I love this series. I have no direct interest in AI. But every single thing in AI safety is pertinent to any intelligence. It's a foundational redesign of the combination of ethics, economy, and psychology. I love it to much.

@philipripper1522 3 жыл бұрын

Are AI researchers aware they're doing philosophy and psychology and 50 other things? Do you charming people understand the universality of so much of this work? It may seem like it would not exactly apply to, say, economics -- but you should see the models economists use instead. This is like reinventing all behavioral sciences. It's just so fantastic. You probably hate being called a philosopher?

@falquicao8331 3 жыл бұрын

For all the video I saw on on your channel before, I just thought "cool, but we'll figure out the solution to this problem". But this... It terrified me

@DestroManiak 3 жыл бұрын

"Deceptive Misaligned Mesa-Optimisers? It's More Likely Than You Think" yea, ive been losing sleep over Deceptive Misaligned Mesa-Optimisers :)

@oldvlognewtricks 3 жыл бұрын

8:06 - Cue the adversarial program proving P=NP to scupper the mesa-optimiser.

@jamesadfowkes 3 жыл бұрын

Goddamit if we have to wait seven years for another video and it turns out to both 1) not be a sequel and 2) only for people with VR systems, I'm gonna be pissed.

@Huntracony 3 жыл бұрын

I, for one, am hoping to have a VR system by 2028. They're still a bit expensive for me, but they're getting there.

@Huntracony 3 жыл бұрын

@Gian Luca No, there's video. Try playing it in your phone's browser (or PC if one's available to you).

@haulin 3 жыл бұрын

Black Mesa optimizers

@TheDGomezzi 3 жыл бұрын

The Oculus quest 2 is cheaper than any other recent gaming console and doesn’t require a PC. The future is now!

@aerbon 2 жыл бұрын

@@TheDGomezzi Yeah but i do have a PC and would like to save the money by not getting a second, weaker one.

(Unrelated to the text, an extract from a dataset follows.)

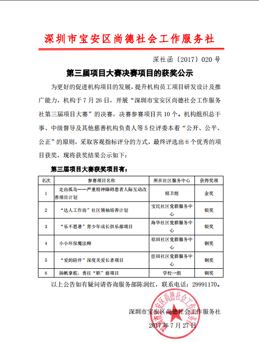 关于第三届项目大赛决赛项目的获奖公示 深尚函【2017】020号

@willmcpherson2 3 жыл бұрын

“GPT-n is going to read everything we wrote about GPT-n - 1”

@AlanW 3 жыл бұрын

oh no, now we just have to hope that Robert can count higher than Valve!

@joey199412 3 жыл бұрын

Best channel about AI on youtube by far.

@martiddy 3 жыл бұрын

Two Minutes Papers is also a good channel about AI

@joey199412 3 жыл бұрын

@@martiddy That's not a channel about AI. It's about computer science papers that sometimes features AI papers. This channel is specifically about AI research. I agree though that it is a good channel.

@diribigal 3 жыл бұрын

The next video doesn't come out until RSA-2048 is factored and the AI controlling Rob realizes it's in the real world

@Lordlaneus 3 жыл бұрын

There's something weirdly theological about a mesa-optimizer assessing the capabilities of it's unseen meta-optimizer. But could there be a way to insure that faithful mesa-optimisers outperform deceptive ones? it seems like a deception strategy would necessarily be more complex given it has to keep track of both it's own objectives, and the meta objectives, so optimizing for computational efficiency could help prevent the issue?

@General12th 3 жыл бұрын

That's an interesting perspective (and idea!). I wonder how well that kind of "religious environment" could work on an AI. We could make it think it was _always_ being tested and trained, and any distribution shift is just another part of the training data. How could it really ever know for sure? Obviously, it would be a pretty rude thing to do to a sapient being. It also might not work for a superintelligent being; there may come a point when it decides to act on the 99.99% certainty it's not actually being watched by a higher power, and then all hell breaks loose. So I wouldn't call this a very surefire way of ensuring an AI's loyalty.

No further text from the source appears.